EU project MIRAGE to develop optical interconnect technology for terabit data links

MIRAGE - a new project supported by the Seventh Framework Programme (FP7), Information and Communication Technologies (ICT) of the European Commission (EC) - was launched recently with the goal of developing next-generation optical interconnect technology for terabit data links.

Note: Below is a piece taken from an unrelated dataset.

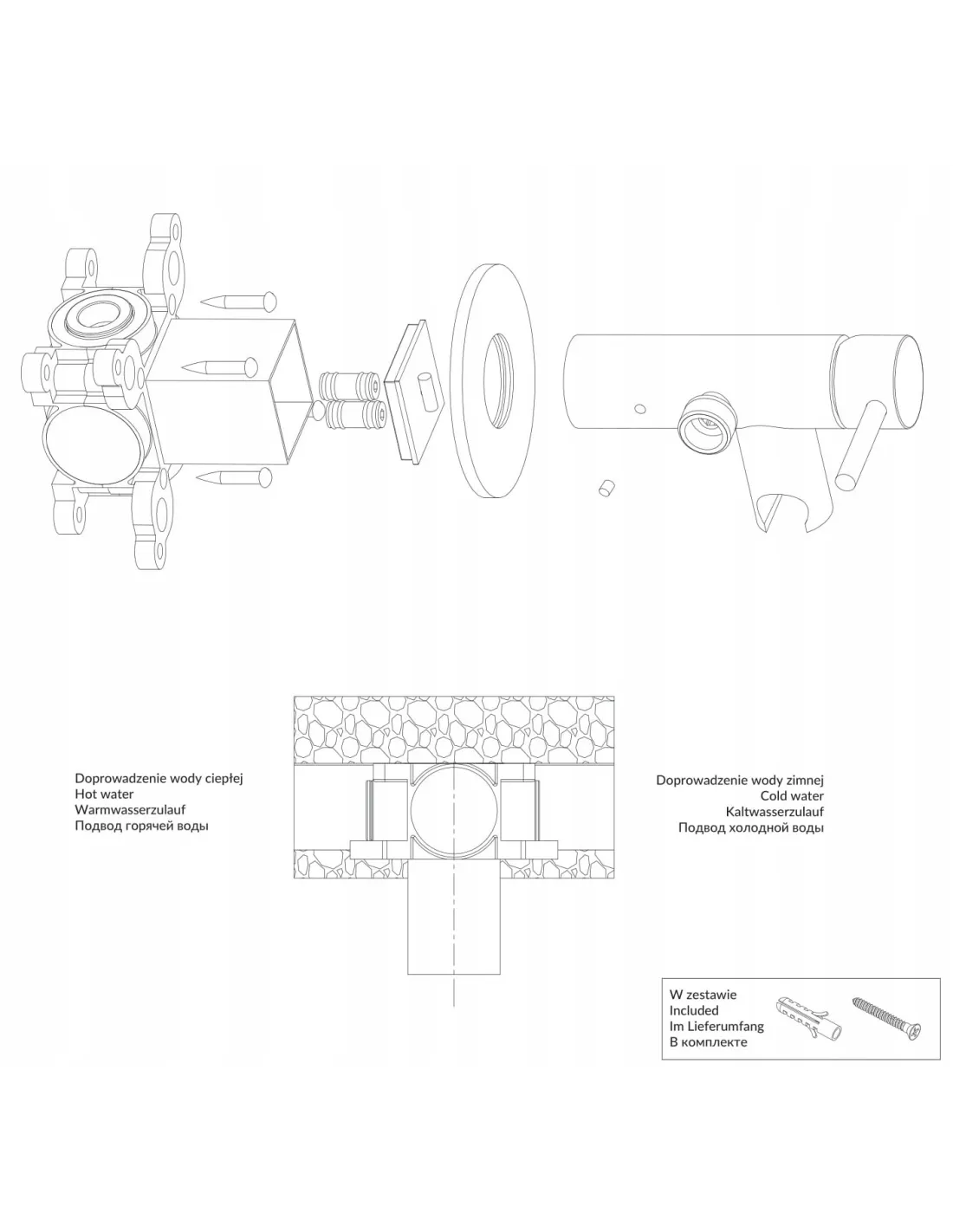 - bateria bidetowa podtynkowa, element podtynkowy
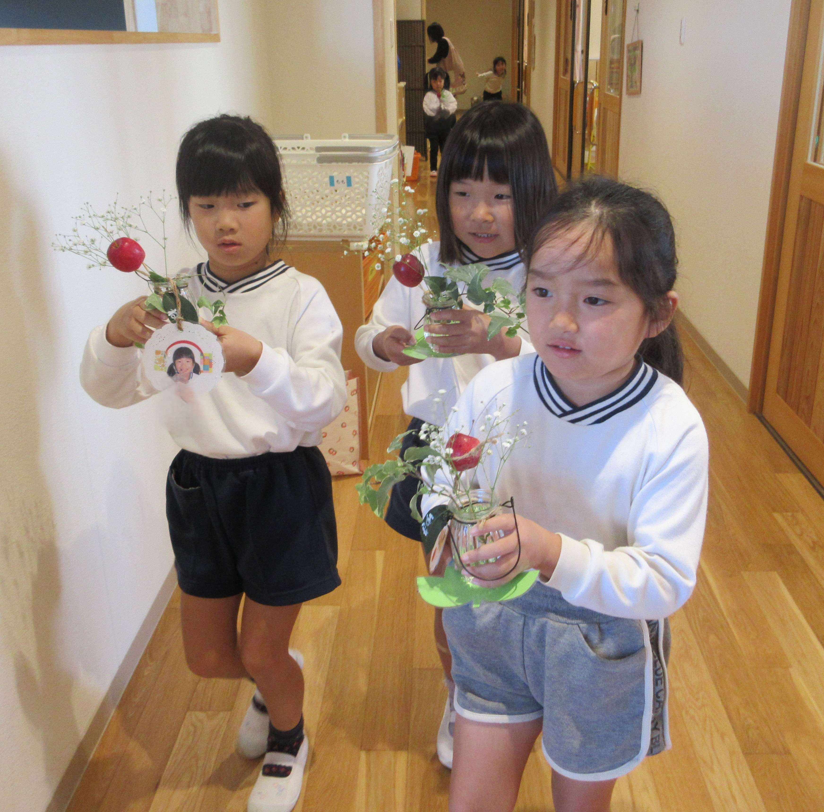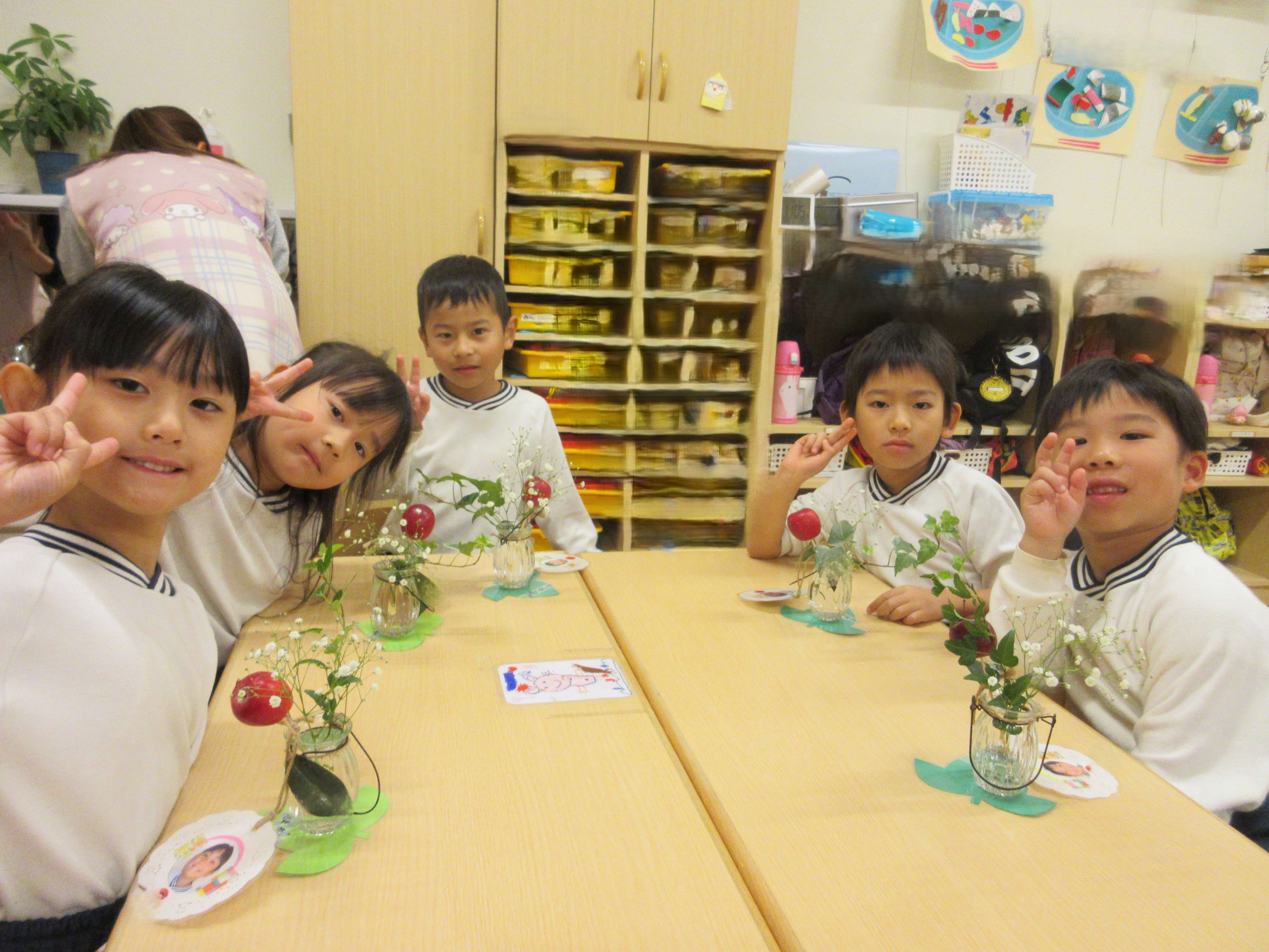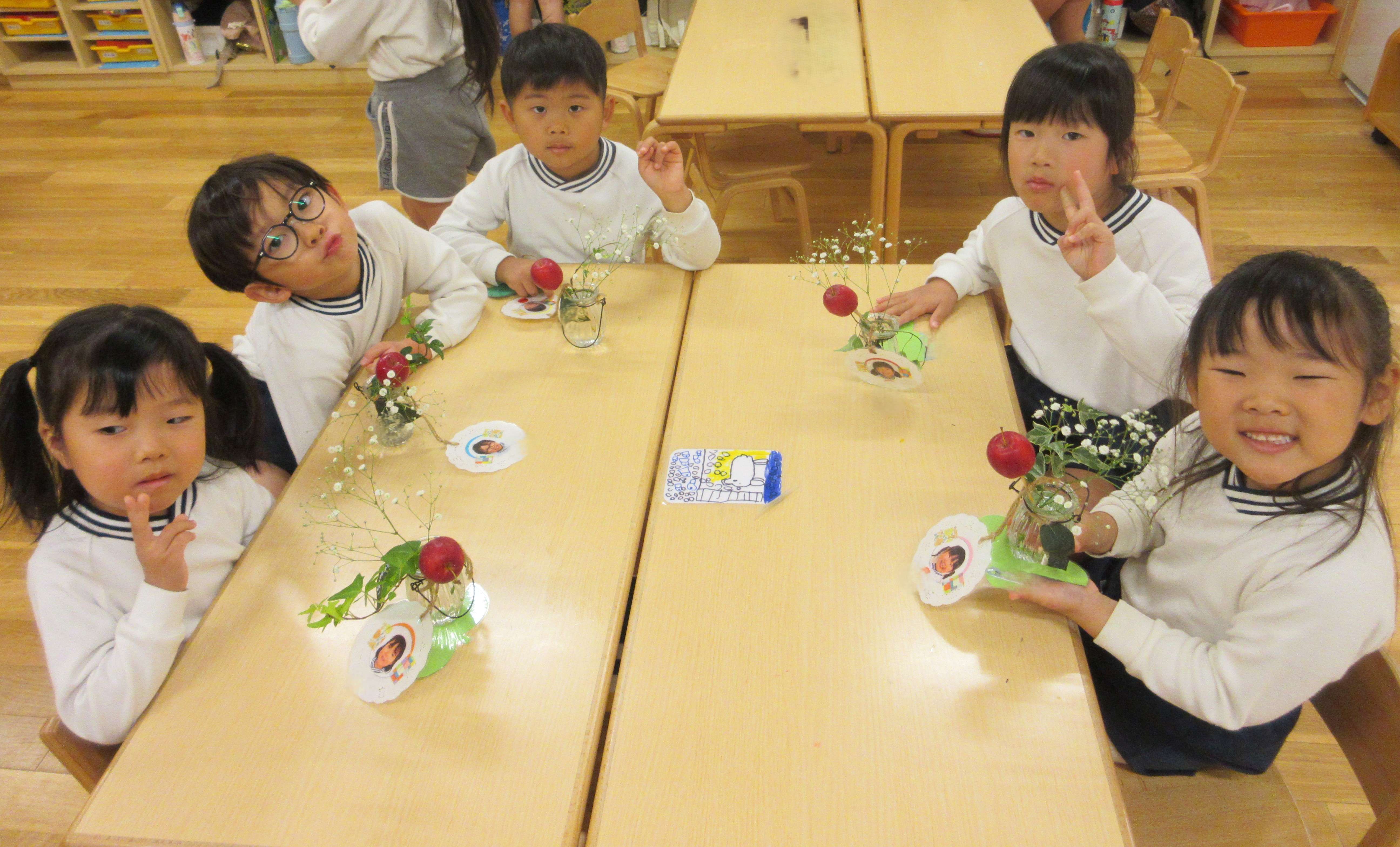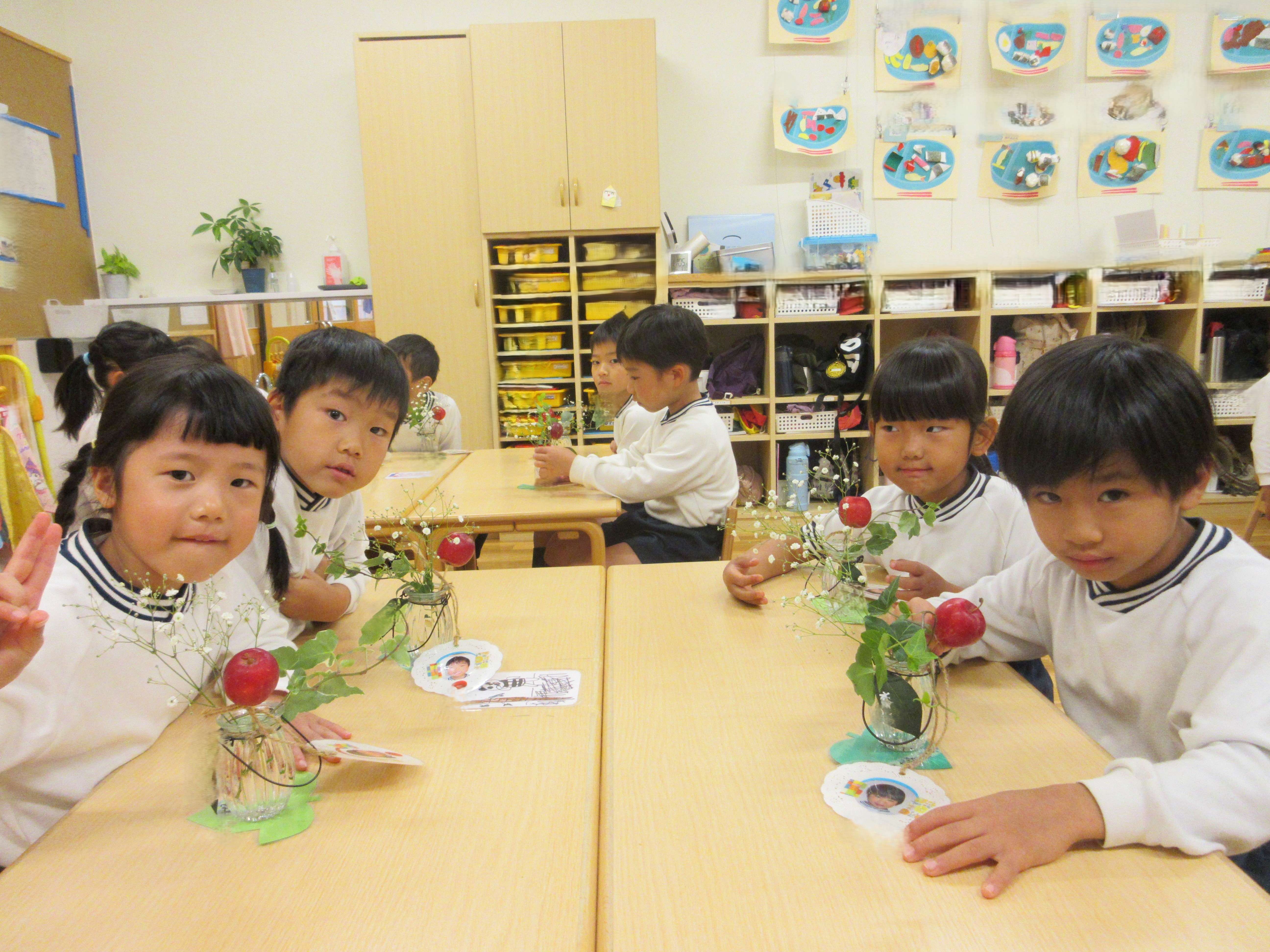 果実を使ってアレンジ♪ひめリンゴの香りやお花に触れながら楽しんで、小瓶に飾り保育室が可愛くい彩られました!

Focusing on optical rack-to-rack and board-to-board interconnects, the three-year research project brings together seven academic and industrial partners in the optical value chain. Headed by Greece’s National Technical University of Athens, partners also include the Aristotle University of Thessaloniki in Greece; nanoelectronics research institute Imec of Leuven, Belgium; UK-based OptoScribe Ltd; Austriamicrosystems AG; and Aachen-based AMO GmbH and Technische Universität München in Germany. The project’s total budget is €4.17m, including €3m from the EC.

Today the internet is morphing into a content-centric network with billions of users demanding ubiquitous, instant access to vast amounts of data. In this new networking paradigm, the hot spots are the data centers, where the bulk of the information is residing. These data centers may consist of hundreds or even thousands of servers interconnected with each other. The content providers are in a constant race to increase this interconnection speed to improve the delivery of the data to the end user.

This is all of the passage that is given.